Per-column type dispatch. Without jsonb_populate_record we hand-roll a column-type → Rust-type binding table:

Column type Rust binding
BIGINT / INTEGER i64
TEXT / VARCHAR &str
BOOLEAN bool
TIMESTAMPTZ chrono::DateTime<Utc>
NUMERIC rust_decimal::Decimal
JSONB serde_json::Value
BYTEA &[u8]

The dispatch table is shared between DuckDB / SQLite / MySQL — one helper module under crates/ematix-flow-core/src/cdc/. ~80 lines, written once, used three times.

Δ.X3 — Object stores — closed (deferred; recommend Delta-on-S3)

Object stores can't UPDATE or DELETE in place — Parquet / CSV / JSON / ORC files are immutable. Three options were considered:

  1. Append-only event log. Write each CDC event as a row with synthesized __op, __source_ts_ms columns. Live state computed downstream via window-by-PK. Cheap to implement (~2 days), pushes complexity to readers + costs full-table scan to materialize current state.
  2. Periodic compaction. Stream events to per-partition files, compact on a schedule into a current-state snapshot. Adds an orchestration layer (~1 week); fights with object store's immutability rather than embracing it.
  3. Defer. Tell users who want CDC → object store that Delta on S3 (Δ.X1 above) is the right answer — Delta sits on object stores anyway and gives them transactional MERGE for free.

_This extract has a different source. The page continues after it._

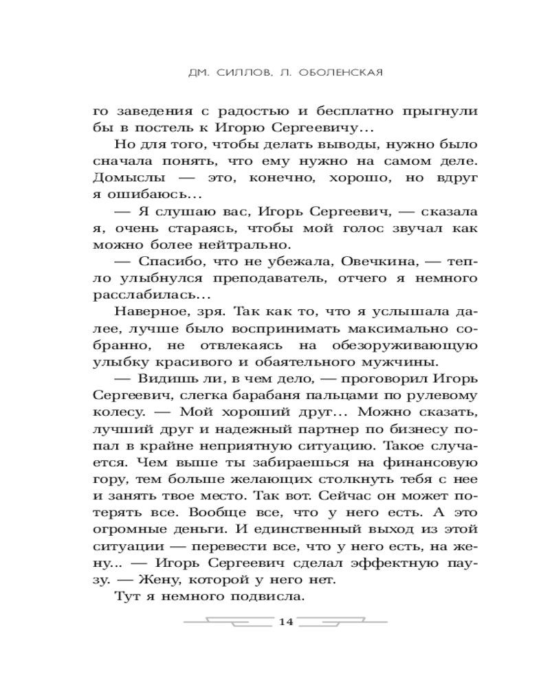 Серия: Звезды лирической прозы Когда тебе поступает предложение совершенно легально заработать большие деньги, отказываться от него неразумно. Подумаешь, выйти замуж — и фактически сразу развестись! На первый взгляд ничего сложного. Но кто бы мог подумать, чем обернется этот фиктивный брак... Один из соавторов этого творческого тандема, писатель Дмитрий Силлов, является автором четырех десятков бестселлеров для настоящих мужчин и идеалом защитника даже для сильных женщин. Работа в дуэте с Любовью Оболенской привнесла в их совместные романы пронзительную лирическую нотку. |

Decision. Option (3). Δ.X1's DeltaS3Backend already covers the realistic "CDC into object storage" use case via transactional MERGE; raw Parquet/CSV/JSON CDC adds executor surface area that duplicates what Delta gives for free. The "append-only event log" pattern (option 1) remains buildable ad-hoc via the existing transform pre-stage + ObjectStore target without first-class CDC support — no executor work needed if a user wants it. Revisit this decision only if a concrete (1) or (2) workflow surfaces that Delta-on-S3 can't serve.

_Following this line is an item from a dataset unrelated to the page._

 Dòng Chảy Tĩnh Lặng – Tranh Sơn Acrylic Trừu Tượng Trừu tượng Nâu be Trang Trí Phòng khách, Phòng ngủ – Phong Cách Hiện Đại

User-facing callout lives in the README CDC section + the USER_GUIDE backend reach matrix, both pointing CDC-into-object-storage users at DeltaS3Backend.

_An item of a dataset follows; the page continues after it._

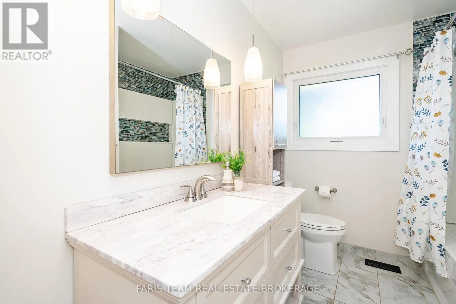 St Vincent St/McKibbon Dr Top 5 Reasons You Will Love This Home: 1) Beautifully renovated bungalow tucked away on a quiet cul-de-sac in a family-friendly neighbourhood, steps from Georgian Bay Community School and just minutes to local beaches, featuring a new garage and refreshed landscaping for excellent curb appeal 2) The main level has been completely transformed with a modern kitchen and appliances, an updated bathroom, fresh flooring, new trim and mouldings, and a fresh coat of paint throughout, creating a move-in-ready space ideal for both full-time living or a weekend retreat 3) Major updates provide peace of mind, including new windows, roof, furnace, air conditioner, and an owned on-demand hot water tank, making this an easy, low-maintenance option for buyers relocating from the city or seeking a second home 4) The fully redesigned basement offers new flooring, upgraded lighting, hardwired internet and cable conduits, along with a brand-new laundry room and gym space, perfect for hosting guests or extended family 5) The backyard is a private outdoor retreat with extensive landscaping, a new concrete pad, fencing, deck, and multiple fruit trees, while the surrounding area offers access to hiking trails, national and provincial parks, ski hills, golf courses, and nearby marinas, making this property equally attractive as a primary residence or a lifestyle-driven second home. 1,147 sq.ft. plus a finished basement. 2,197 sq.ft. of finished living space. (id:27476)
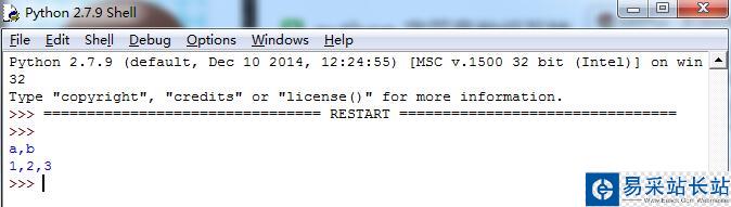 #方法1arr = ['a','b']str1 = ','.join(arr)print str1#方法2arr = [1,2,3]#str = ','.join(str(i) for i in arr)#此處str命名與str函數(shù)沖突!str2 = ','.join(str(i) for i in arr)print str2

Δ.X4 — Streaming targets (out of scope; outbound CDC)

CDC into a Kafka / RabbitMQ / Pub/Sub / Kinesis target = re-emit change events. That's outbound CDC — different problem entirely; explicitly out of scope per the "Out of scope / deferred" section above. If that need surfaces it warrants its own phase plan (Phase Δ-out / Φ); not a Phase Δ extension.

Δ.X5 — Distributed batch SQL target (N/A)

Σ.B's DistributedBackend is a batch SQL executor over peer ematix-flow workers — not a row-storage target. CDC + distributed batch don't compose meaningfully. The trait method's default "not yet implemented" error is the right behaviour.

Suggested ordering

  1. Δ.X1 Delta — highest user-value next step. CDC → Delta is a real analytics pattern; native MERGE is the cleanest fit.
  2. Δ.X2 SQL ports — pick whichever target a user asks for first. Each is ~1-2 days; the per-column dispatch table is shared so the second + third are cheaper than the first.
  3. Δ.X3 Object stores — closed: deferred. Delta-on-S3 (Δ.X1) covers the realistic CDC-into-object-storage use case.
  4. Δ.X4 / Δ.X5 — out of scope; revisit if/when the ground shifts.

After Δ.X1 + Δ.X2 land, every SQL target ematix-flow supports + Delta would be CDC-capable. That covers the realistic set of "what target do users actually want their CDC events written to" (Postgres mirrors, Delta lakehouses, occasional MySQL / SQLite / DuckDB analytics tables). The coverage gap closes ~95% with roughly two weeks of total effort.


References

  • Debezium event structure
  • Maxwell envelope format
  • docs/PHASE_39_5_SESSIONS.md — StateStore design + atomic commit pattern that Phase Δ reuses.
  • docs/PHASE_SIGMA_B_TRAIT_SPIKE.md — connector-trait shape (Phase Δ's run_cdc follows the same template as the existing run_merge etc.).
  • docs/UNIFIED_PIPELINE_API.md — Π-series unified-API patterns that the CDC(...) typed-Python knob inherits.